Activity> Your copy of the listing should match it exactly, only without pictures.

The data>
============================================================

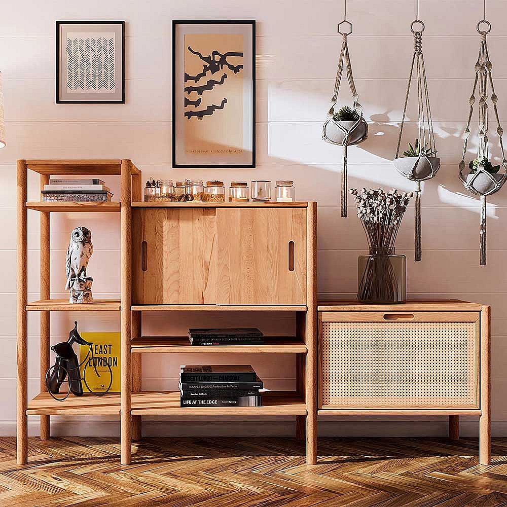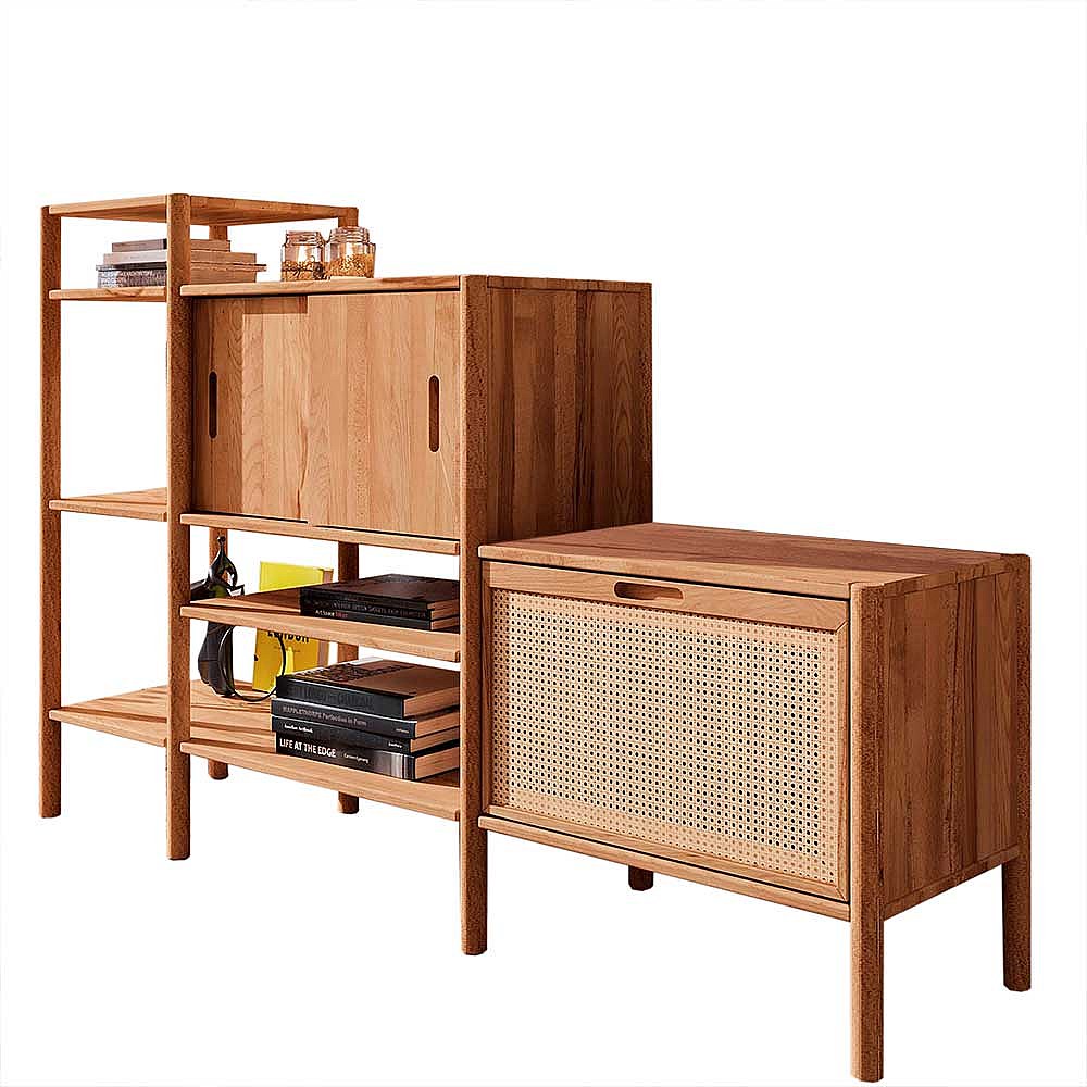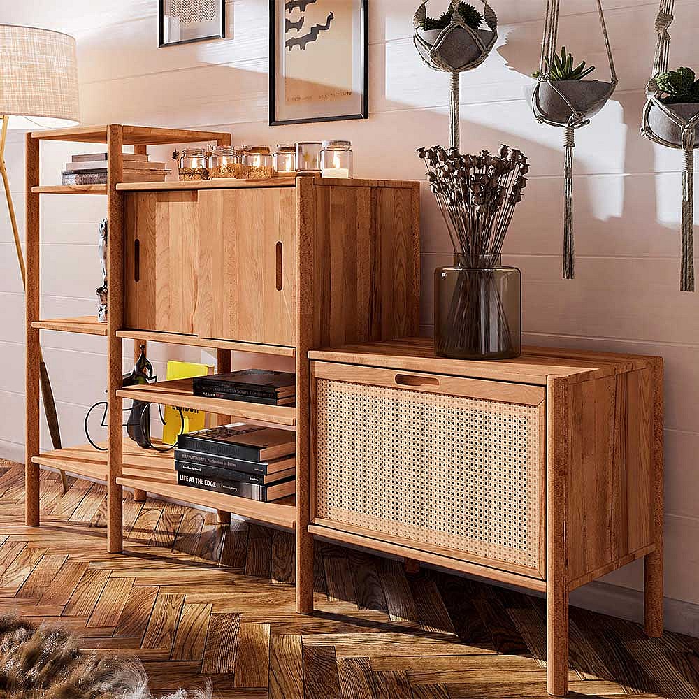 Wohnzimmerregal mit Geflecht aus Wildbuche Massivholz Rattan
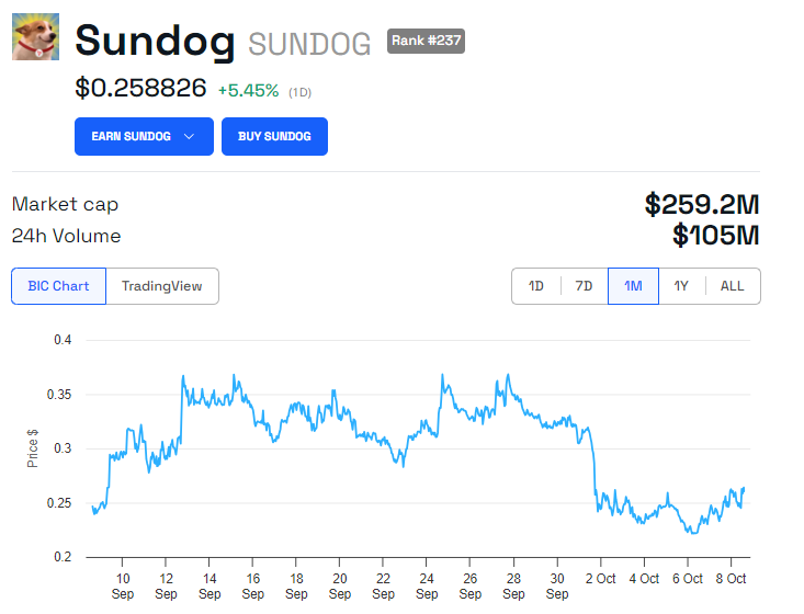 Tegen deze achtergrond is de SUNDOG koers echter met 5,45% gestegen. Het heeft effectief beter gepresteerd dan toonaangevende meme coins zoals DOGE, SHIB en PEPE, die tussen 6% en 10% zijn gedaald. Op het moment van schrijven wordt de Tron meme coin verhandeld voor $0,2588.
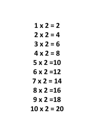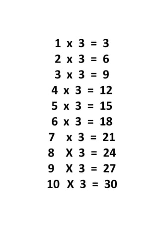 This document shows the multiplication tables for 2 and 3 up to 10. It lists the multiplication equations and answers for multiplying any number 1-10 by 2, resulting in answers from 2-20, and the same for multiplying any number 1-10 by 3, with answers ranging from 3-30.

============================================================

Response>
 Wohnzimmerregal mit Geflecht aus Wildbuche Massivholz Rattan
 Tegen deze achtergrond is de SUNDOG koers echter met 5,45% gestegen. Het heeft effectief beter gepresteerd dan toonaangevende meme coins zoals DOGE, SHIB en PEPE, die tussen 6% en 10% zijn gedaald. Op het moment van schrijven wordt de Tron meme coin verhandeld voor $0,2588.
 This document shows the multiplication tables for 2 and 3 up to 10. It lists the multiplication equations and answers for multiplying any number 1-10 by 2, resulting in answers from 2-20, and the same for multiplying any number 1-10 by 3, with answers ranging from 3-30.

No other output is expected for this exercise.